Dnah Oven Mitt: Mind your hand, impulsive chef! Kindly librarian that he is, Dnah is there to educate and protect you. Slide on this glove in the shape of everyone (EVERYONE)’s favourite anthropomorphic hand and you too will be able to handle hot situations without getting burned.
Dnah Hand Mannequin: The physical form is an enticing and beautiful mystery, one artists have tried to teach and understand since the dawn of art. The most complicated parts of the body are the hand, our access to tools and what separates us from animals, and the face, that which makes us who we are and truly a window to the soul. To Dnah, they are one and the same. As such, artists can learn a great many things or twos from studying him. Plus, he is OK with nudes.

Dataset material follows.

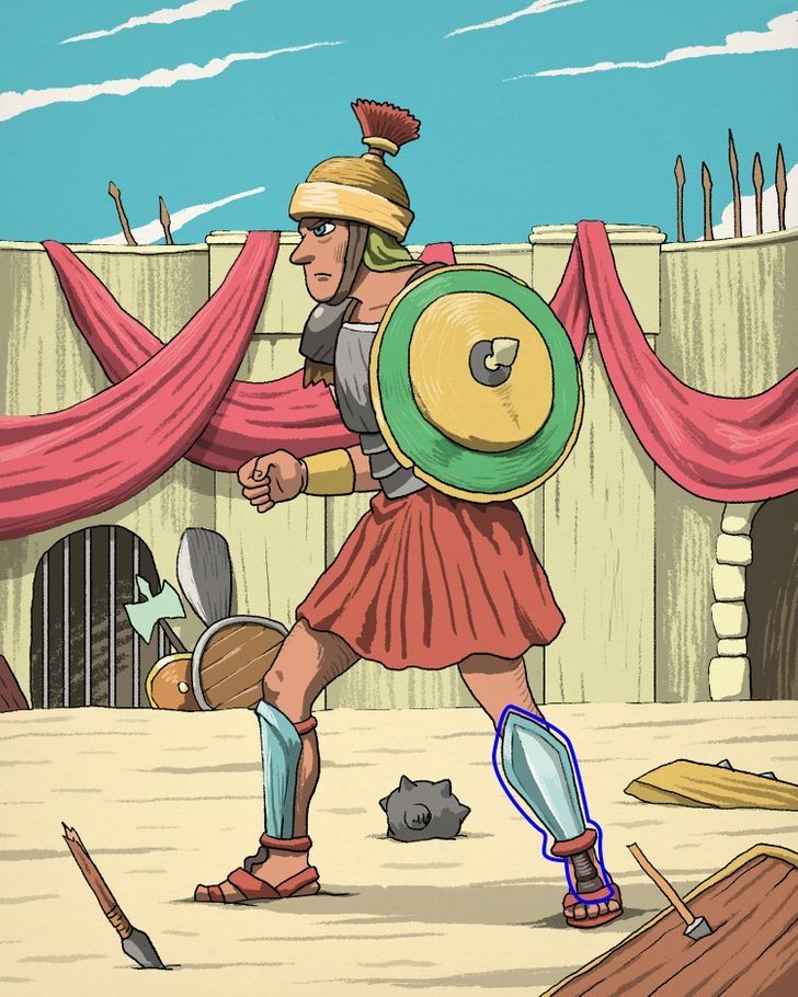 En esta lámina se puede ver a un gladiador en el campo de batalla sin una herramienta fundamental. En este reto visual se encuentra camuflado un objeto en la imagen.
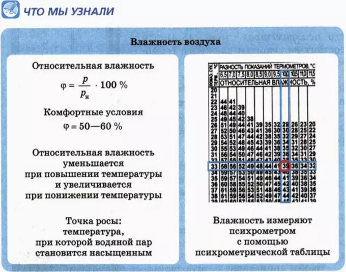 На сегодняшнем уроке мы познакомились с важной характеристикой воздуха - его влажностью. Как мы уже говорили, влажность в холодное время года (зимой) понижается, а в теплое (летом) повышается. Важно уметь регулировать эти явления, например при необходимости повысить влажность располагать в помещении в зимнее время несколько резервуаров с водой, чтобы усилить процессы испарения, однако такой способ будет эффективен только при соответствующей температуре, которая выше, чем на улице.

Gnipleh Dnah: Let Dnah get that item off the top shelf for you. The classic reaching toy, topped with a green clasping hand to remind the world that with Dnah’s help, nothing is out of reach.

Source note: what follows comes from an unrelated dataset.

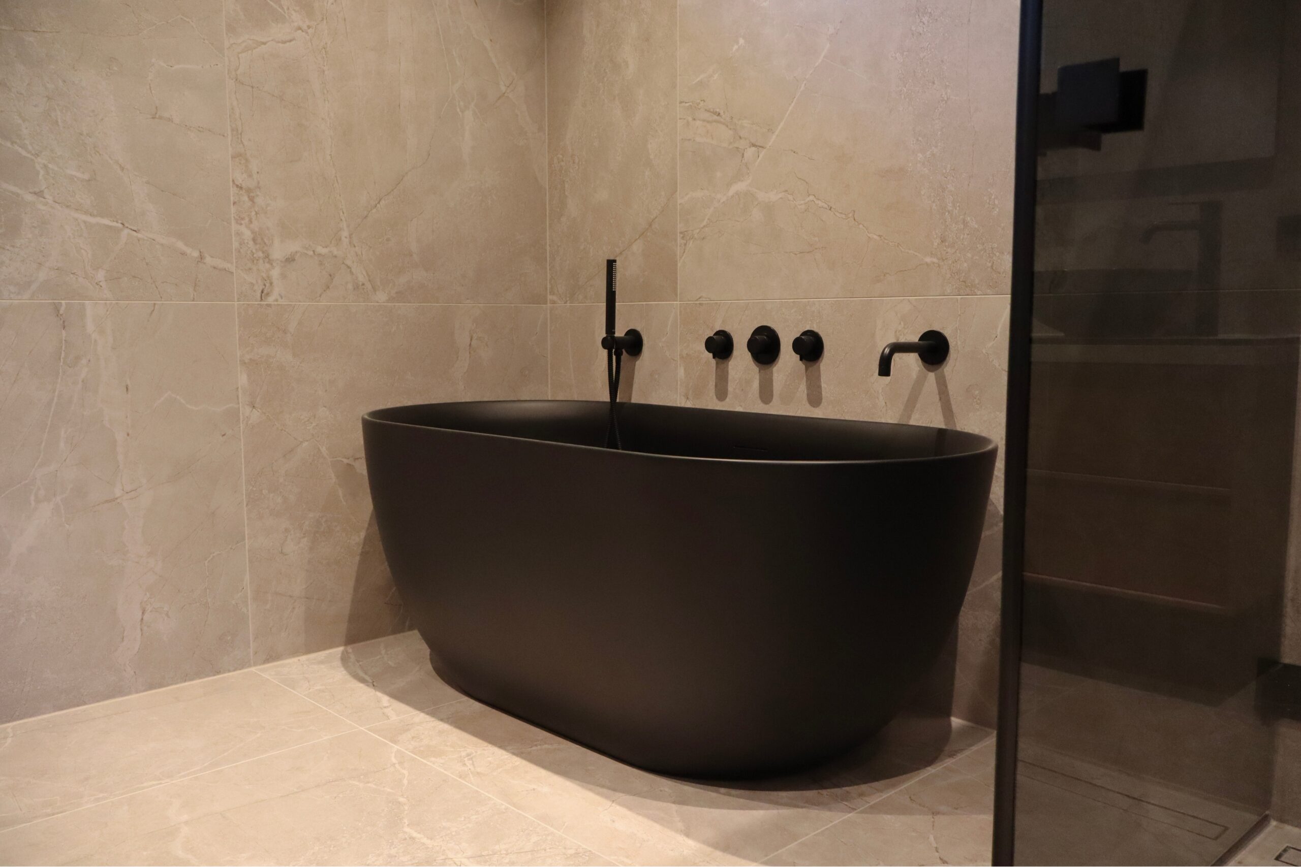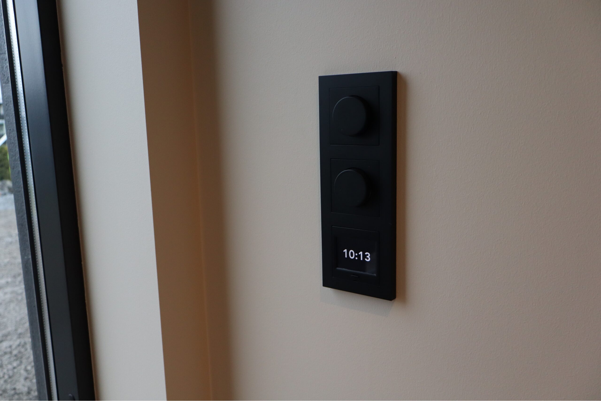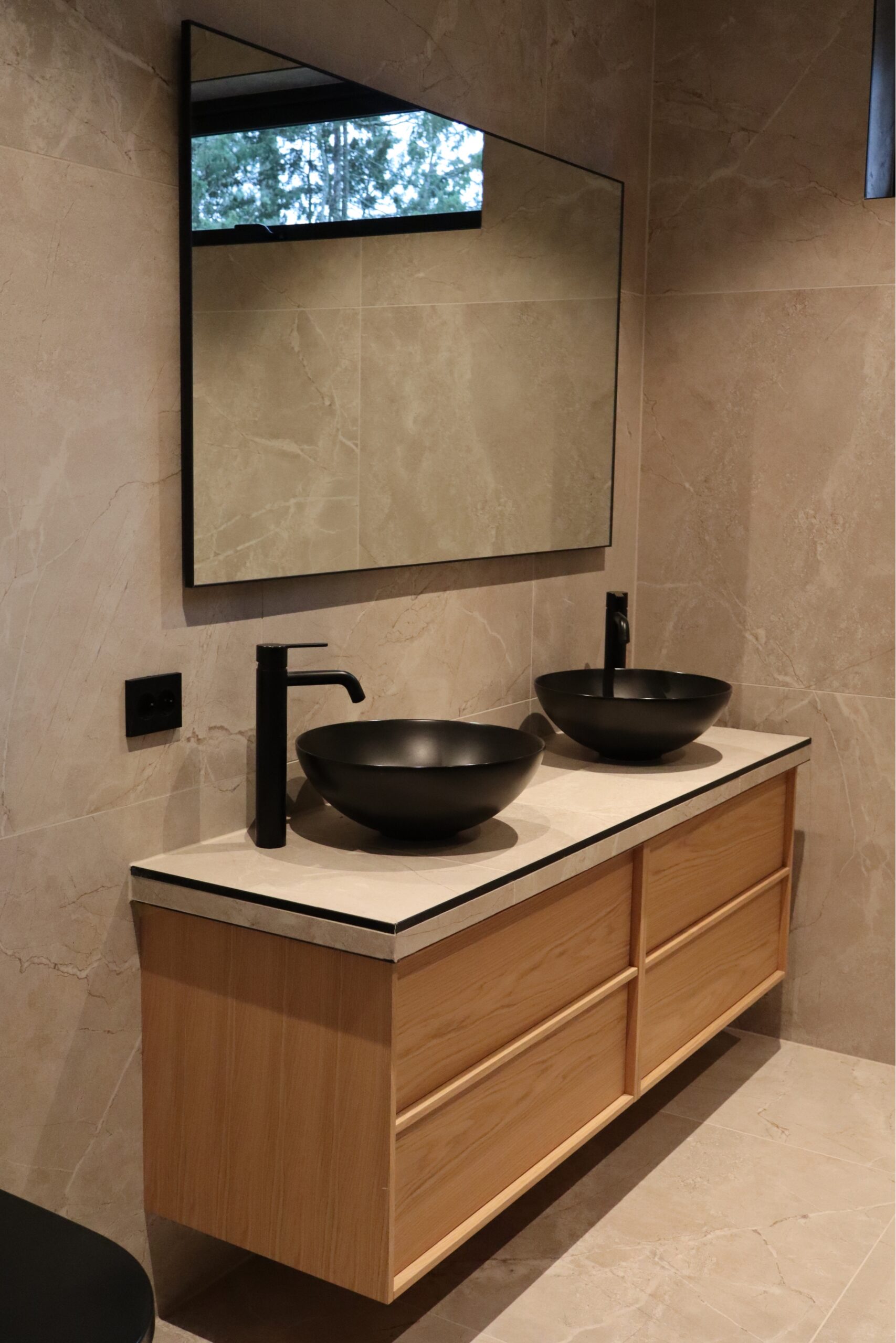 Bli inspirert av denne moderne boligen – med lekre detaljer. Her har kunden valgt lekre detaljer som benkeplate på baderomsmøbel, laget av de samme flisene som resten av badet. I entreen blir du møtt av store fliser og en trapp med lys under trinnene.
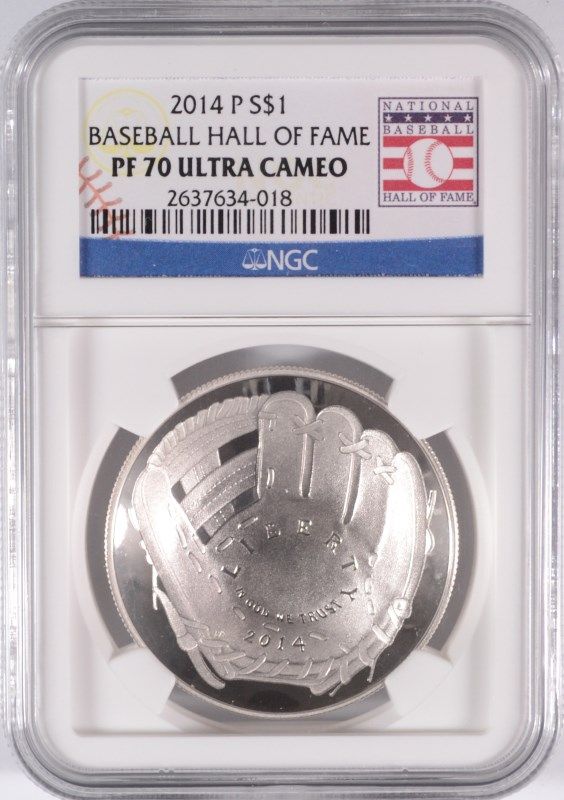 2014 BASEBALL HALL OF FAME SILVER DOLLAR, NGC PROOF-70 ULTRA CAMEO BEAUTIFUL!

Dnah Muscle Wire Moving Hand Kit: This, but Dnah.
Dnah Cell Phone Holder: Who do you trust with the most valuable information in your life? Dnah, nomadic librarian, keeper of secrets, obviously. A hand-shaped cell phone holder for your desk or bedside table. If we articulate the fingers, it can manage various sized cell phones and double as a Dnah action figure.
Dnah’s Fickle Approval: When oriented one way, Dnah’s giving a thumbs up! Oriented the other way, it’s thumbs down It can be a coaster, a magnet, a button, the possibilities are endless!

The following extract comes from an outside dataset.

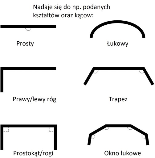 Elastyczna zakrzywiana szyna może być stosowana w oknach typu U, oknach owalnych, balkonach i wielu innych kształtach.
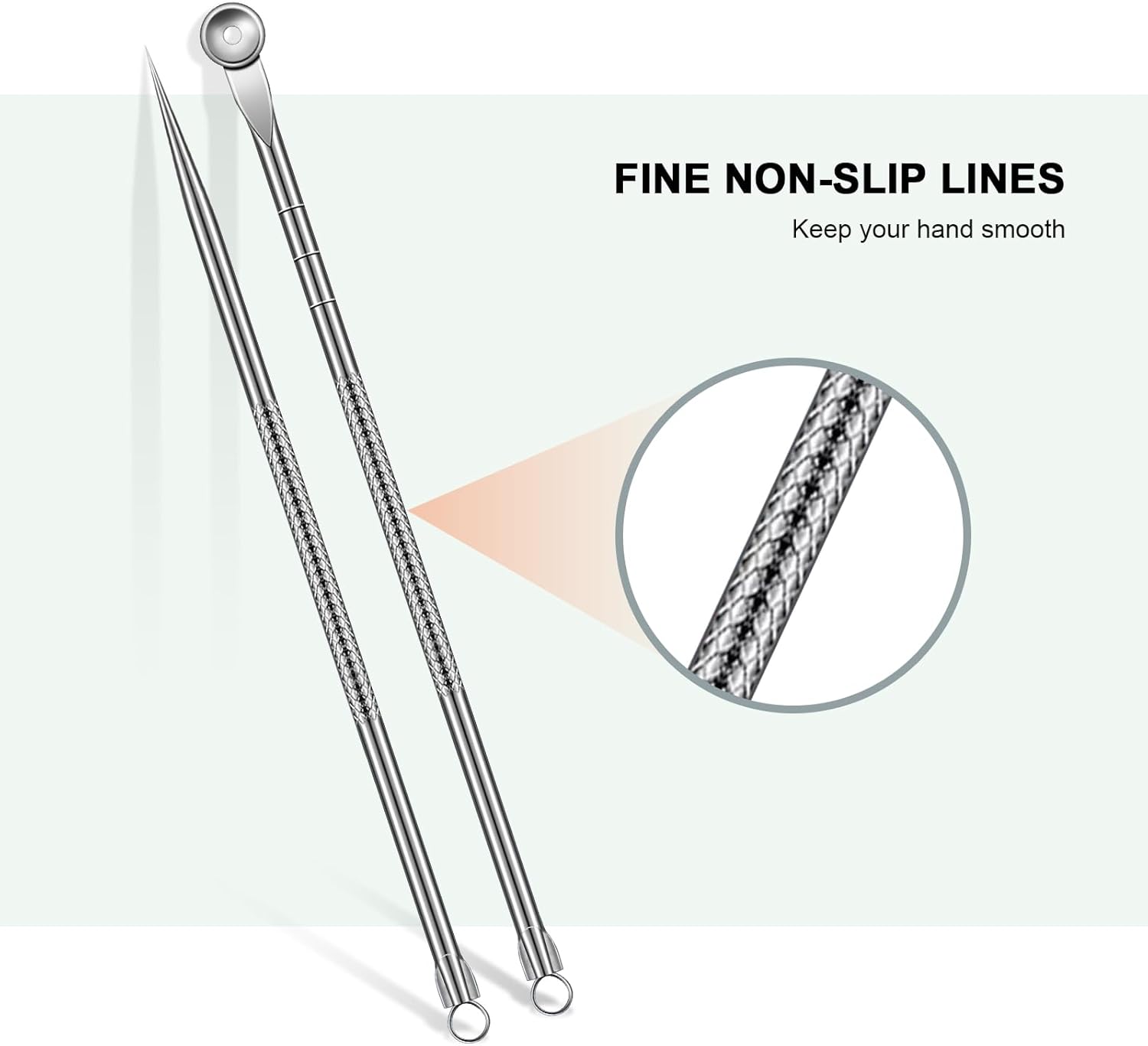 - 【Perfect Design】: The Upgraded Thin Needle 0.1mm is More Professional. It Can Easily Remove Blackhead, Acne, Defects and White Head. It Has No Pain. The Anti-Skid Handle is Beautiful and Does Not Slip When Held.

It’s probably for the best that last one was not approved, as I recently read that “thumbs up = good” is a perversion of the actual Roman gladiatorial tradition, where the thumb represented the sword, and thumbs out (in any direction) meant kill the loser, thumbs balled inside the hand meant spare him.
But lets get off our hands. It’s time for the top comments from September 11th-17th.
NPC part 16, page 13
Dragon Rider 1 – “”Does Aelloon know we already have a library back home?””
Dragon Rider 2 – “”He’s mad at them because of overdue book fees.”””
All this for a book? Heck, a few more squadrons, and we’d be ready for iPhone release day.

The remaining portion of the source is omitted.